Remember when you were younger and wanted to trim down for that tropical beach vacay or dazzle in that sexy skin-tight outfit at your friend’s wedding … no problemo, right! A few tweaks on the diet front plus a couple of extra trips to the gym and voila, you were right where you wanted to be.
But as the years tick by, are you finding that those same tried and true diet and exercise plans are no longer cutting it and that losing weight has become a real challenge?
Let me give you ‘the skinny’ on what could be going on.
It is not an understatement to say that hormonal activity plays a pivotal role in weight gain as we age. So what’s the connection? Well, as our lives evolve, so do our responsibilities and pressures - longer working hours, around the clock raising of kids, taking care of elderly parents, marriage issues, financial headaches … you get the picture. Soon enough we’re just one big ball of stress thanks to our daily grind and that’s when the weight issues can often start.

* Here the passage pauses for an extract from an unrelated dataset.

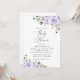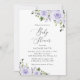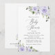 Convide amigos e família de estilo e dê o tom para seu dia especial com este charmoso convite para chás de fraldas. Design apresenta flores de aquarela roxas e verde sobre fundo branco.
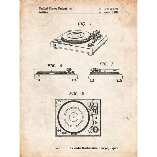 PP1028-Vintage Parchment Sansui Turntable 1979 Patent Poster White Modern Wood Framed Art Print by Borders, Cole

One of the major players is cortisol, a hormone produced by our adrenal glands (those two little organs sitting on top of our kidneys). Often referred to as our ‘stress’ hormone, one of cortisol’s jobs is to helps get us out of immediate danger (along with the hormones norepinephrine and adrenaline) by increasing our blood sugar levels, raising our blood pressure and modulating our immune system. That sounds helpful, right?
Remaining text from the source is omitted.